Provided records.
# # # # #

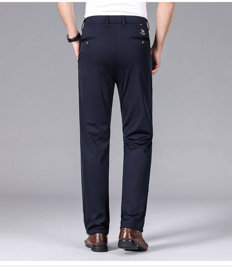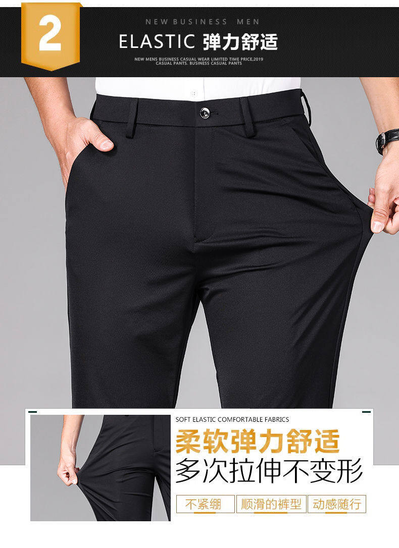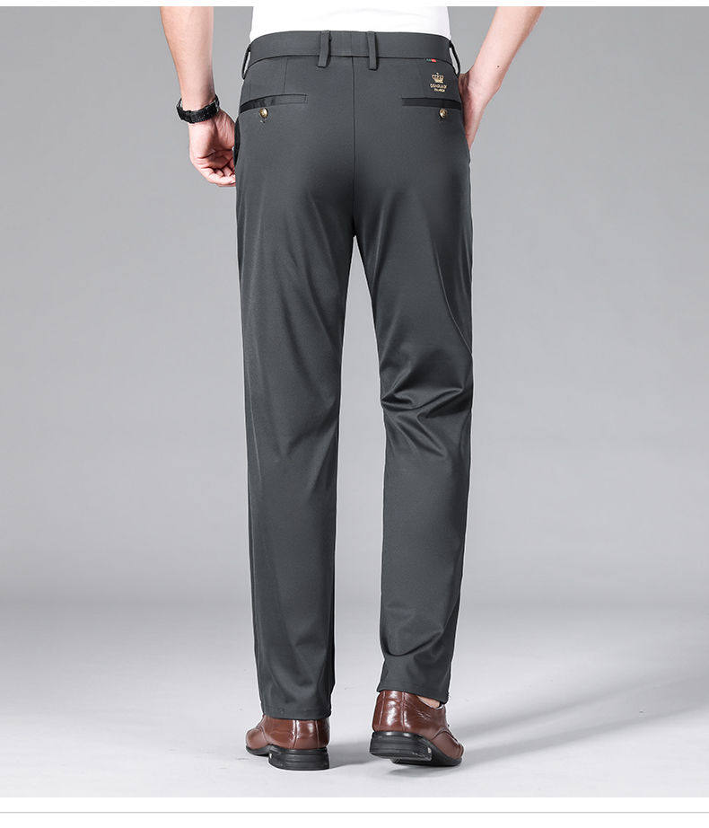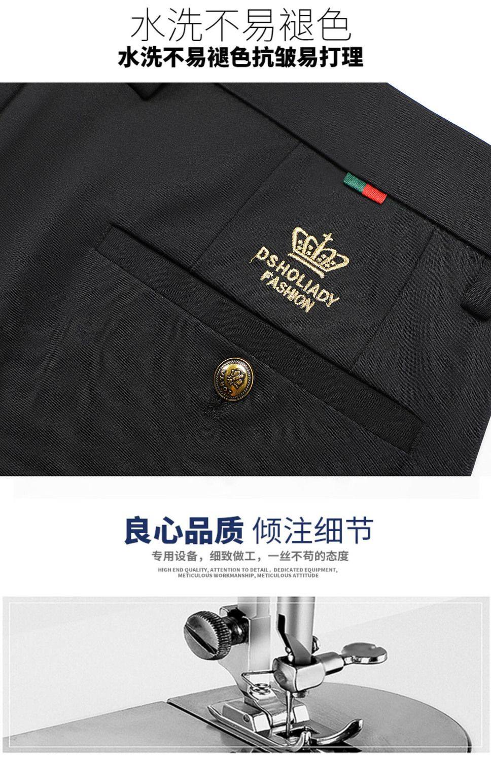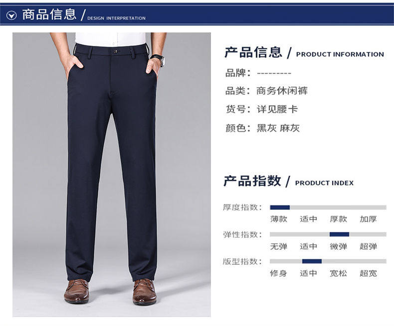 羅矇秋冬厚款彈力加絨休閒褲直筒高腰免燙寬鬆男褲子中年抗皺西褲
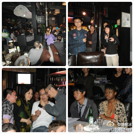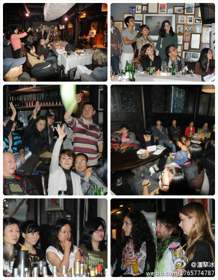 9月26日晚,白夜酒吧;第一天活动:英国当代诗歌单元;活动现场的朋友和读者们。到互动环节,诗歌爱好者的提问很踊跃。有人开玩笑说,提一个问题诗人回答一个问题都同时喝一杯酒。很轻松有趣,缓解了前面严肃的气氛。还有好些人在狂发围脖。
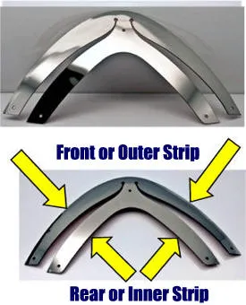 4. Once you are confident of how the part will fit, peel the rear red release liner off. Set the rear section right along the back edge of the chin (see Diagram B) and press firmly — ONLY along the back stainless strip — to set. DO NOT attach the front stainless strip yet (see Diagram A).
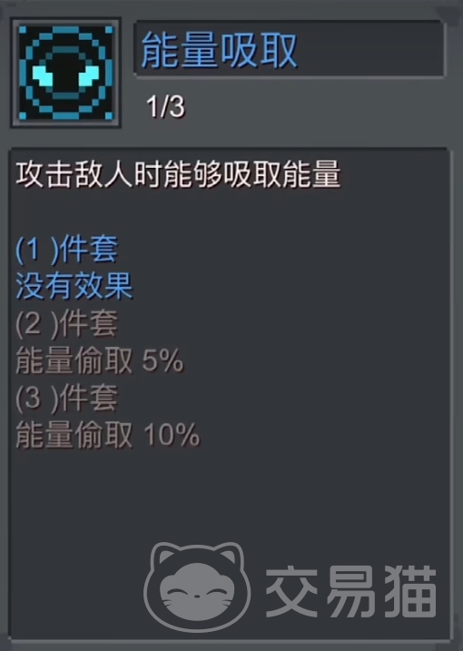 第二个需要凑的羁绊是“能量吸取”,它可以让你在攻击敌人时吸取能量,这个能量吸取效果在二件套和三件套的时候都十分不错,不过建议还是直接凑满三件,10%的能量偷取配合技能窃法之刃可以让你在持续释放旋风斩的过程中完全不缺能量。
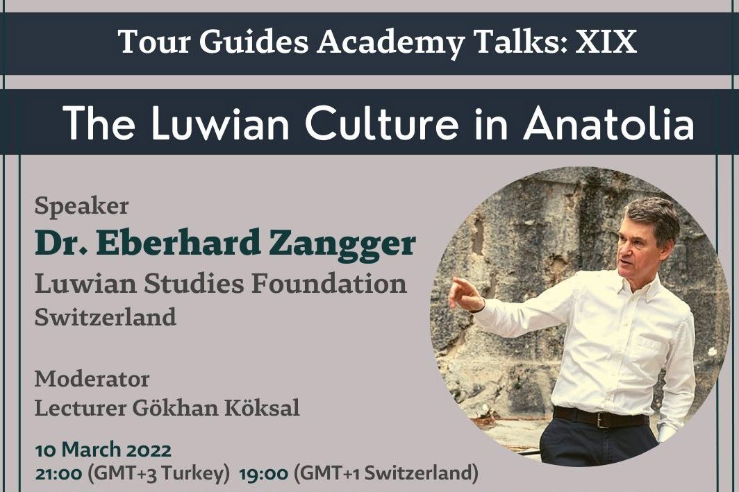 Die Luwier standen im Mittelpunkt eines 75-minütigen Online-Vortrags, den der Präsident von Luwian Studies, Dr. Eberhard Zangger, am 10. März 2022 im Rahmen des YouTube-Kanals für die Ausbildung von Reiseleitern hielt. Professor Uğur Akdu von der Tourismus-Fakultät der Universität Gumushane hatte Eberhard Zangger eingeladen, über den aktuellen Wissensstand der mittel- und spätbronzezeitlichen Kulturen in der Westtürkei zu sprechen. Die Vortragsreihe des Reiseleiter-Kanals besteht aus Live-Präsentationen mit anschließender Fragerunde, in deren Rahmen Spezialisten ausführlich über Archäologie, Kultur, Kunst und Geschichte referieren. Der Vortrag wurde von Gökhan Köksal von der Universität Sıtkı Koçman in Muğla moderiert. Durch die pandemiebedingten Einschränkungen im Lehrbetrieb der letzten zwei Jahren war es nicht mehr möglich gewesen, Vorträge an Universitäten in der Türkei zu halten. Die Online-Plattform der Tourismus-Akademie bietet daher eine hervorragende Gelegenheit, die so entstandene Lücke zu schließen und über die neuesten Erkenntnisse in der Forschung zu berichten. Die Tour Guides Academy hat Live-Übertragungen als Format gewählt, um eine dynamische Interaktion mit den Zuhörern zu ermöglichen. Die aufgezeichneten Vorträge einschließlich der Fragerunde stehen anschließend auf YouTube jederzeit zur Verfügung.
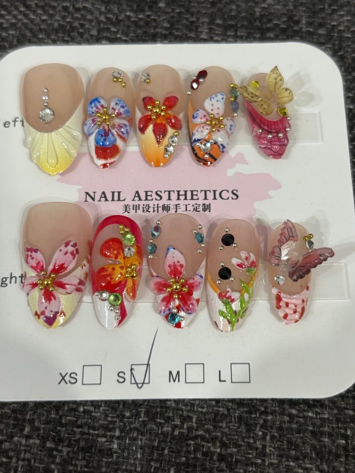 Renkli çiçek ve kelebek desenleri ile taş süslemeli canlı tırnak süslemeleri. Törpü ve bant ile
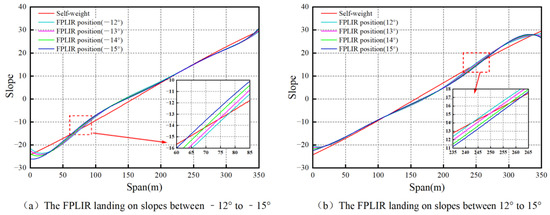 The FPLIR does not slip, and the maximum starting slope of the walking motor is 15°. As an example, the shape of the power line was simulated using the parameters in Table 2, while eight points were analyzed with slopes of −15°, −14°, −13°, −12°, 12°, 13°, 14° and 15°. In this study, a polynomial function is applied to fit the shape of the power line to easily calculate the slope of the power line. The shapes of the power lines before and after the FPLIR landing are fitted using 3rd- and 7th-degree polynomials, respectively. From Table 3, it can be seen that the slope decreases at the landing location. Combined with the variation of the slope in Figure 9, the following conclusions can be drawn. When the slope of the power line is less than zero, the slope decreases at the landing position and its right side; when the slope of the power line is greater than zero, the slope decreases at the landing position and its left side. Therefore, the safe slope for FPLIR landing in the section of the OPTL is −15° to 15°.

# # # # #

No picture belongs in the copy. Print every entry above exactly as it stands.

 羅矇秋冬厚款彈力加絨休閒褲直筒高腰免燙寬鬆男褲子中年抗皺西褲
 9月26日晚,白夜酒吧;第一天活动:英国当代诗歌单元;活动现场的朋友和读者们。到互动环节,诗歌爱好者的提问很踊跃。有人开玩笑说,提一个问题诗人回答一个问题都同时喝一杯酒。很轻松有趣,缓解了前面严肃的气氛。还有好些人在狂发围脖。
 4. Once you are confident of how the part will fit, peel the rear red release liner off. Set the rear section right along the back edge of the chin (see Diagram B) and press firmly — ONLY along the back stainless strip — to set. DO NOT attach the front stainless strip yet (see Diagram A).
 第二个需要凑的羁绊是“能量吸取”,它可以让你在攻击敌人时吸取能量,这个能量吸取效果在二件套和三件套的时候都十分不错,不过建议还是直接凑满三件,10%的能量偷取配合技能窃法之刃可以让你在持续释放旋风斩的过程中完全不缺能量。
 Die Luwier standen im Mittelpunkt eines 75-minütigen Online-Vortrags, den der Präsident von Luwian Studies, Dr. Eberhard Zangger, am 10. März 2022 im Rahmen des YouTube-Kanals für die Ausbildung von Reiseleitern hielt. Professor Uğur Akdu von der Tourismus-Fakultät der Universität Gumushane hatte Eberhard Zangger eingeladen, über den aktuellen Wissensstand der mittel- und spätbronzezeitlichen Kulturen in der Westtürkei zu sprechen. Die Vortragsreihe des Reiseleiter-Kanals besteht aus Live-Präsentationen mit anschließender Fragerunde, in deren Rahmen Spezialisten ausführlich über Archäologie, Kultur, Kunst und Geschichte referieren. Der Vortrag wurde von Gökhan Köksal von der Universität Sıtkı Koçman in Muğla moderiert. Durch die pandemiebedingten Einschränkungen im Lehrbetrieb der letzten zwei Jahren war es nicht mehr möglich gewesen, Vorträge an Universitäten in der Türkei zu halten. Die Online-Plattform der Tourismus-Akademie bietet daher eine hervorragende Gelegenheit, die so entstandene Lücke zu schließen und über die neuesten Erkenntnisse in der Forschung zu berichten. Die Tour Guides Academy hat Live-Übertragungen als Format gewählt, um eine dynamische Interaktion mit den Zuhörern zu ermöglichen. Die aufgezeichneten Vorträge einschließlich der Fragerunde stehen anschließend auf YouTube jederzeit zur Verfügung.
 Renkli çiçek ve kelebek desenleri ile taş süslemeli canlı tırnak süslemeleri. Törpü ve bant ile
 The FPLIR does not slip, and the maximum starting slope of the walking motor is 15°. As an example, the shape of the power line was simulated using the parameters in Table 2, while eight points were analyzed with slopes of −15°, −14°, −13°, −12°, 12°, 13°, 14° and 15°. In this study, a polynomial function is applied to fit the shape of the power line to easily calculate the slope of the power line. The shapes of the power lines before and after the FPLIR landing are fitted using 3rd- and 7th-degree polynomials, respectively. From Table 3, it can be seen that the slope decreases at the landing location. Combined with the variation of the slope in Figure 9, the following conclusions can be drawn. When the slope of the power line is less than zero, the slope decreases at the landing position and its right side; when the slope of the power line is greater than zero, the slope decreases at the landing position and its left side. Therefore, the safe slope for FPLIR landing in the section of the OPTL is −15° to 15°.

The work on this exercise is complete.